Items from a dataset
---*---

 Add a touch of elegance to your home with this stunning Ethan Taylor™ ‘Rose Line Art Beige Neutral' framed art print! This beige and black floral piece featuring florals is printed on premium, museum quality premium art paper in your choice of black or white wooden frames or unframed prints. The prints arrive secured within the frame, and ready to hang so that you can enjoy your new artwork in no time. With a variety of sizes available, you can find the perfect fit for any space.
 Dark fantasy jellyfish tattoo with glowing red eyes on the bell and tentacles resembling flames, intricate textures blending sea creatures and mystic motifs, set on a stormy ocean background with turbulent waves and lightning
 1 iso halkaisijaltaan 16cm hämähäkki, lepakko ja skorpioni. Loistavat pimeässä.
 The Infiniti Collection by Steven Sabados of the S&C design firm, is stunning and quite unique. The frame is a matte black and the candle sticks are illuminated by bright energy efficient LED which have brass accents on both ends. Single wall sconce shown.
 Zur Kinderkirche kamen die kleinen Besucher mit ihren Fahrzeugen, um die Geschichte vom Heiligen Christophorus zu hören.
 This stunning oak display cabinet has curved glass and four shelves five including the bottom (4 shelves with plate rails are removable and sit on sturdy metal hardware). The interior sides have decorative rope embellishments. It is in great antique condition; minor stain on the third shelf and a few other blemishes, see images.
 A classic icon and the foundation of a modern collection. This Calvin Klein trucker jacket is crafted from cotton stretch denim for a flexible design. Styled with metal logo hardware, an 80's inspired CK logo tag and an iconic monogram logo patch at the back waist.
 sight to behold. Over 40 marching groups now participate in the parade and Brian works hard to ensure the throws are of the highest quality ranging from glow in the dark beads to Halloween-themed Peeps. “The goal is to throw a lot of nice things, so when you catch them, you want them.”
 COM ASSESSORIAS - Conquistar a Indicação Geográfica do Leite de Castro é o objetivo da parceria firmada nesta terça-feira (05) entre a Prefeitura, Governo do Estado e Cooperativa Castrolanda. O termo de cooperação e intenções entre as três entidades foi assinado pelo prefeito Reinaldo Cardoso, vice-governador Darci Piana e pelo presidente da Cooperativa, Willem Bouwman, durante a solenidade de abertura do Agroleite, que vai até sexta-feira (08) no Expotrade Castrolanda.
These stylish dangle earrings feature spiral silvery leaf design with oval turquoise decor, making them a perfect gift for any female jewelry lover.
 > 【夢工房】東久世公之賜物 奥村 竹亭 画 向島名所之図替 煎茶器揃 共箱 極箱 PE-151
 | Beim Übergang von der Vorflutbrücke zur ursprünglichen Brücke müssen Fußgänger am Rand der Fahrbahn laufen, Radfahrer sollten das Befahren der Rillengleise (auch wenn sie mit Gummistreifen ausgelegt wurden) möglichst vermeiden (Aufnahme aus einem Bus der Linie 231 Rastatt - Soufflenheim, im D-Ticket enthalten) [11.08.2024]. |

---*---

▶ [Exercise details]: All the lines above should be written out once more, exactly.

▶ [Task response]:
 Add a touch of elegance to your home with this stunning Ethan Taylor™ ‘Rose Line Art Beige Neutral' framed art print! This beige and black floral piece featuring florals is printed on premium, museum quality premium art paper in your choice of black or white wooden frames or unframed prints. The prints arrive secured within the frame, and ready to hang so that you can enjoy your new artwork in no time. With a variety of sizes available, you can find the perfect fit for any space.
 Dark fantasy jellyfish tattoo with glowing red eyes on the bell and tentacles resembling flames, intricate textures blending sea creatures and mystic motifs, set on a stormy ocean background with turbulent waves and lightning
 1 iso halkaisijaltaan 16cm hämähäkki, lepakko ja skorpioni. Loistavat pimeässä.
 The Infiniti Collection by Steven Sabados of the S&C design firm, is stunning and quite unique. The frame is a matte black and the candle sticks are illuminated by bright energy efficient LED which have brass accents on both ends. Single wall sconce shown.
 Zur Kinderkirche kamen die kleinen Besucher mit ihren Fahrzeugen, um die Geschichte vom Heiligen Christophorus zu hören.
 This stunning oak display cabinet has curved glass and four shelves five including the bottom (4 shelves with plate rails are removable and sit on sturdy metal hardware). The interior sides have decorative rope embellishments. It is in great antique condition; minor stain on the third shelf and a few other blemishes, see images.
 A classic icon and the foundation of a modern collection. This Calvin Klein trucker jacket is crafted from cotton stretch denim for a flexible design. Styled with metal logo hardware, an 80's inspired CK logo tag and an iconic monogram logo patch at the back waist.
 sight to behold. Over 40 marching groups now participate in the parade and Brian works hard to ensure the throws are of the highest quality ranging from glow in the dark beads to Halloween-themed Peeps. “The goal is to throw a lot of nice things, so when you catch them, you want them.”
 COM ASSESSORIAS - Conquistar a Indicação Geográfica do Leite de Castro é o objetivo da parceria firmada nesta terça-feira (05) entre a Prefeitura, Governo do Estado e Cooperativa Castrolanda. O termo de cooperação e intenções entre as três entidades foi assinado pelo prefeito Reinaldo Cardoso, vice-governador Darci Piana e pelo presidente da Cooperativa, Willem Bouwman, durante a solenidade de abertura do Agroleite, que vai até sexta-feira (08) no Expotrade Castrolanda.
These stylish dangle earrings feature spiral silvery leaf design with oval turquoise decor, making them a perfect gift for any female jewelry lover.
 > 【夢工房】東久世公之賜物 奥村 竹亭 画 向島名所之図替 煎茶器揃 共箱 極箱 PE-151
 | Beim Übergang von der Vorflutbrücke zur ursprünglichen Brücke müssen Fußgänger am Rand der Fahrbahn laufen, Radfahrer sollten das Befahren der Rillengleise (auch wenn sie mit Gummistreifen ausgelegt wurden) möglichst vermeiden (Aufnahme aus einem Bus der Linie 231 Rastatt - Soufflenheim, im D-Ticket enthalten) [11.08.2024]. |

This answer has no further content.